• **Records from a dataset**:
·····
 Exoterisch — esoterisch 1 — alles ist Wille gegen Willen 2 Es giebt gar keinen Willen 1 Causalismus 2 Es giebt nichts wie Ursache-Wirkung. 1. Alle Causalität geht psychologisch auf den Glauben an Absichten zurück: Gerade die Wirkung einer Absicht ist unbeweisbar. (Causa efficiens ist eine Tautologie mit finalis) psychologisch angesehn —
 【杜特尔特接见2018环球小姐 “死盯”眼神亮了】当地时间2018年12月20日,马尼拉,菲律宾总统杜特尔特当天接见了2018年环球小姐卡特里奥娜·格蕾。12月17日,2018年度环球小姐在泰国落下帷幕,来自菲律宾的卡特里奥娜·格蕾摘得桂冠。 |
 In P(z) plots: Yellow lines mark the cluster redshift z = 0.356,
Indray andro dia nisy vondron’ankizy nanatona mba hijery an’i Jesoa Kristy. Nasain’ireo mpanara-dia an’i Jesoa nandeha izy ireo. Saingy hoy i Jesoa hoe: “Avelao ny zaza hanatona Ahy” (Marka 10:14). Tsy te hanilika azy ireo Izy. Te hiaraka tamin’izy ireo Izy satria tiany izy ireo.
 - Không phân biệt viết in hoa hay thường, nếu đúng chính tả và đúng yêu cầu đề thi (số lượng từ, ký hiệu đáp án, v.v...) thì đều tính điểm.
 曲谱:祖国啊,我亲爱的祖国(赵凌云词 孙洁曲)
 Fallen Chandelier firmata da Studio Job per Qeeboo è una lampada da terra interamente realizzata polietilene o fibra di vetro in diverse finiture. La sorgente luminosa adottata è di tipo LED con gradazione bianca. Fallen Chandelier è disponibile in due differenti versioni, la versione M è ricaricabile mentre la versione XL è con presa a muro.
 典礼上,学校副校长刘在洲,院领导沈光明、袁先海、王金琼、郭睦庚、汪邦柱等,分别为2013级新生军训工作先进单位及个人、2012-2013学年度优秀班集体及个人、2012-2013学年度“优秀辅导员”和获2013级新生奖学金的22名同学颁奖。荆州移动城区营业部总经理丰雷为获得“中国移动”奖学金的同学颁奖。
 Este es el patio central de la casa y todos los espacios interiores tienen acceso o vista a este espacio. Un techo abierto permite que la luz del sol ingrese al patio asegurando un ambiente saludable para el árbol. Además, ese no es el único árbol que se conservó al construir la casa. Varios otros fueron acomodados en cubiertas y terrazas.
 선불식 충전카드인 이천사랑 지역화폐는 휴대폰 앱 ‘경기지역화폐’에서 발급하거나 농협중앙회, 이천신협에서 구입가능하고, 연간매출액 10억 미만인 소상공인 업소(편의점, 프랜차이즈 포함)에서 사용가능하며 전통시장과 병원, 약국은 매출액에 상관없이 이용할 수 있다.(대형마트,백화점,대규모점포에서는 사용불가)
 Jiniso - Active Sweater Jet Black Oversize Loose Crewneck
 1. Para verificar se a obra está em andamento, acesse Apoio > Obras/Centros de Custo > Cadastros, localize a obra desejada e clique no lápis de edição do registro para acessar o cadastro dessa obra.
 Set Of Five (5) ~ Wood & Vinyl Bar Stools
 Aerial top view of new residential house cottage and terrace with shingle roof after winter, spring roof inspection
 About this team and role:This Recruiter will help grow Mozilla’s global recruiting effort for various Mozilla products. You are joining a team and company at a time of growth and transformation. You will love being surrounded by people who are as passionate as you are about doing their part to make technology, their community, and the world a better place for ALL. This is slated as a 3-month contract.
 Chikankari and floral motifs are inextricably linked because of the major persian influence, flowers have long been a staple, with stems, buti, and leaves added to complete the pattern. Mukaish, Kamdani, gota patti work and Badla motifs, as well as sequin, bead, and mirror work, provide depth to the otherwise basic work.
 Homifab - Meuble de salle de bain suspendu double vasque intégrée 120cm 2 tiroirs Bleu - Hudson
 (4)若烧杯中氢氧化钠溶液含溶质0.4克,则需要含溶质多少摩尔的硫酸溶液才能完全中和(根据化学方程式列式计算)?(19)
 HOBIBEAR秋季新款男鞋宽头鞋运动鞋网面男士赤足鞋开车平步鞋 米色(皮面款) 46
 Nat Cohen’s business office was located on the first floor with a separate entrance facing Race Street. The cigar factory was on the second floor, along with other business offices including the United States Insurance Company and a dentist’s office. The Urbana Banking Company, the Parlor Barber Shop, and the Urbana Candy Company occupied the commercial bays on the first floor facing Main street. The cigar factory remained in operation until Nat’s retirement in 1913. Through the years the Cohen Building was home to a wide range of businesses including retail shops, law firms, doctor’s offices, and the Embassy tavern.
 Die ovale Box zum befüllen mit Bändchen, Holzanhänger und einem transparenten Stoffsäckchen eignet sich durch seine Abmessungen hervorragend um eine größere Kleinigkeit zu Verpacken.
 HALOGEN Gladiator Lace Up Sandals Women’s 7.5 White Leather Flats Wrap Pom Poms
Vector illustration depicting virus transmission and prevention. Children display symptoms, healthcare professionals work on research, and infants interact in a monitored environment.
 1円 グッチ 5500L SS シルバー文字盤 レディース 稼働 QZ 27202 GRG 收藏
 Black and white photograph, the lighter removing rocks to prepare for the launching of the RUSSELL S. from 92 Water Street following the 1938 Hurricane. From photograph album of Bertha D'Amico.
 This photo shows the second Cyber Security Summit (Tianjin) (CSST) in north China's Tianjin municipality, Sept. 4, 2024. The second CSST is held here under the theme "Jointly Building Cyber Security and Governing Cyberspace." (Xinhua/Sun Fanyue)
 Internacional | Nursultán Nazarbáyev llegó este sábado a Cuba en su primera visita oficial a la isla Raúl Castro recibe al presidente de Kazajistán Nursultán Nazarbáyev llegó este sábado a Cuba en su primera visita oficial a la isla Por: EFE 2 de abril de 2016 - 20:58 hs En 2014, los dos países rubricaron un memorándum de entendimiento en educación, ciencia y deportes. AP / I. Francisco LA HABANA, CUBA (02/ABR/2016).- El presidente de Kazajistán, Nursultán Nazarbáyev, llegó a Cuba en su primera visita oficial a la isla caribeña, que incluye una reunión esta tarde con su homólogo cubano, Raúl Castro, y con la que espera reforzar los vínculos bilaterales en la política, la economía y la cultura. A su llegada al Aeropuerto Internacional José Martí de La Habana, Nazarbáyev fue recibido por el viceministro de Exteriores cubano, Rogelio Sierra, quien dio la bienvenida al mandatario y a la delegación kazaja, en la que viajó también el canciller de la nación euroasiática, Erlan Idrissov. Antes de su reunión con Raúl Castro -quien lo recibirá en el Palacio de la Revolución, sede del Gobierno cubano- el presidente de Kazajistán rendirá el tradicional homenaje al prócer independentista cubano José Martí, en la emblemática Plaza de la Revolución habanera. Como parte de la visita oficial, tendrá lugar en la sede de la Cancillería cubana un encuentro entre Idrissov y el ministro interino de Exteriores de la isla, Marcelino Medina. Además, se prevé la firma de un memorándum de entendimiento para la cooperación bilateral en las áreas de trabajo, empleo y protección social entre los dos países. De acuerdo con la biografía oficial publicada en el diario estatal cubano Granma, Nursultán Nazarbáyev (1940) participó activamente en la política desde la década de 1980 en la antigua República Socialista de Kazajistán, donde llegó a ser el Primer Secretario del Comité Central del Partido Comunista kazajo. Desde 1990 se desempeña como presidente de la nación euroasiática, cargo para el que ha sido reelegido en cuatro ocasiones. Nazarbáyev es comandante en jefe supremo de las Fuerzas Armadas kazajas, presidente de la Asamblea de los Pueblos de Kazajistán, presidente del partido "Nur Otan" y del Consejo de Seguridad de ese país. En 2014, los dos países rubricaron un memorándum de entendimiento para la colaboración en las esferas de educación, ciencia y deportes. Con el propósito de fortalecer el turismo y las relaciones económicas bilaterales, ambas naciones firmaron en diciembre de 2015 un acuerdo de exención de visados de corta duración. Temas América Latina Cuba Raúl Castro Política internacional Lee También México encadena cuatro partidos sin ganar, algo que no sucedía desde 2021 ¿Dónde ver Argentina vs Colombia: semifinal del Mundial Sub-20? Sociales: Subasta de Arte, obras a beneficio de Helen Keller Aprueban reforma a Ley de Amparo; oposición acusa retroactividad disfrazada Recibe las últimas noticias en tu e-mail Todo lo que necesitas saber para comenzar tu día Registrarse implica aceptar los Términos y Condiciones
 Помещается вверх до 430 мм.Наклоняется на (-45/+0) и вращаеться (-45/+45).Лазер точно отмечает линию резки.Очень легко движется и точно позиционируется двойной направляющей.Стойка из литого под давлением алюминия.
·····
• **PROMPT**: Could you copy every line in the records that holds "Black"?

• **EXERCISE SOLUTION**:
 Jiniso - Active Sweater Jet Black Oversize Loose Crewneck
 Black and white photograph, the lighter removing rocks to prepare for the launching of the RUSSELL S. from 92 Water Street following the 1938 Hurricane. From photograph album of Bertha D'Amico.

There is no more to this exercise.